The earthquake thus entered collective memory, not only due to its physical and
psychological impact, but also because it put an end to long feuds and found legal
recognition for its role as a ‘peacemaker’.
5. The emergency and the damage
After an earthquake, society obviously reorganised itself in practical terms too.
In case of strong earthquakes, emergency measures concerned primarily housing
and the clearing of the rubble. In L’Aquila each family found shelter in temporary
accommodation “made of blankets and cloth” placed “especially in the main
square”, in the cathedral square.48 In any case, such accommodation was relatively
long lasting: at least four weeks in 1315, nine in 1349, and four (not continuous)
months in 1461-1462. In addition, in 1349 it was arranged for the rubble to be
removed from the streets due to the efforts of the populations of the surrounding
territory.49 Unfortunately we cannot know whether these interventions were ordered
or coordinated by civic institutions or by the political leaders of the city.
We know, instead, that the authorities acted promptly to restore places and
objects with a significant practical function for the community, such as the defence
and organisation of social life, but which at the same time held a symbolic value.
These measures and their promptness were due to particular motives, however.

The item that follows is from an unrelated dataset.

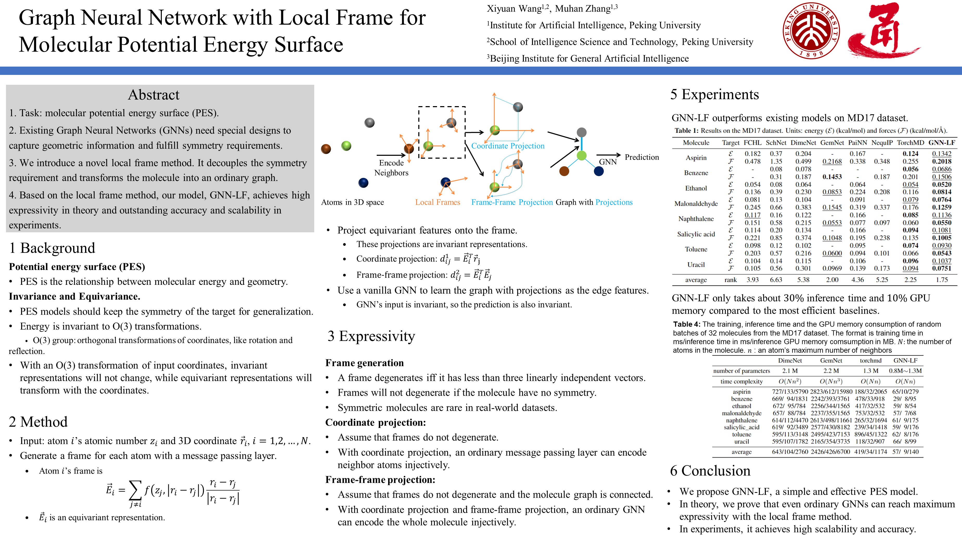 Abstract: Modeling molecular potential energy surface is of pivotal importance in science. Graph Neural Networks have shown great success in this field. However, their message passing schemes need special designs to capture geometric information and fulfill symmetry requirement like rotation equivariance, leading to complicated architectures. To avoid these designs, we introduce a novel local frame method to molecule representation learning and analyze its expressivity. Projected onto a frame, equivariant features like 3D coordinates are converted to invariant features, so that we can capture geometric information with these projections and decouple the symmetry requirement from GNN design. Theoretically, we prove that given non-degenerate frames, even ordinary GNNs can encode molecules injectively and reach maximum expressivity with coordinate projection and frame-frame projection. In experiments, our model uses a simple ordinary GNN architecture yet achieves state-of-the-art accuracy. The simpler architecture also leads to higher scalability. Our model only takes about $30\%$ inference time and $10\%$ GPU memory compared to the most efficient baselines.

In 1349, in order to replace the collapsed city walls, Lalle Camponeschi
had fences built “de bon lename grosso multo bene chiovati”.50 This measure
was decided upon only after part of the population had begun to leave the city,
believing “che mai deiase Aquila ravetare”.51 The image of the destroyed city was
such that, because of the high number of collapsed or damaged buildings, “multi
omini crediano no fosse più avetata”.52 Discouragement was amplified by the
collapse of the city walls, a symbol of the very existence of the community as an
aggregation of people in a defined physical space. The reconstruction of the walls
simultaneously served to provide the city with a means of defence, to recreate
the urban environment and to keep the community together, offering a tangible
symbol of the city’s identity in contrast to its abandonment by the population.
However, like in the military actions preceding the earthquake, there was
a personal political implication. Buccio observed that “foroci gra’ desasci, ca
48. AdR, p. 207.
49. BdR, st. 813.
50. “Made of good strong timber, very well nailed together” (Ibid., st. 819).
51. “That L’Aquila would never be repopulated again” (Ibid., st. 817).
52. “Many men believed that it was no longer inhabited” (Ibid., st. 816).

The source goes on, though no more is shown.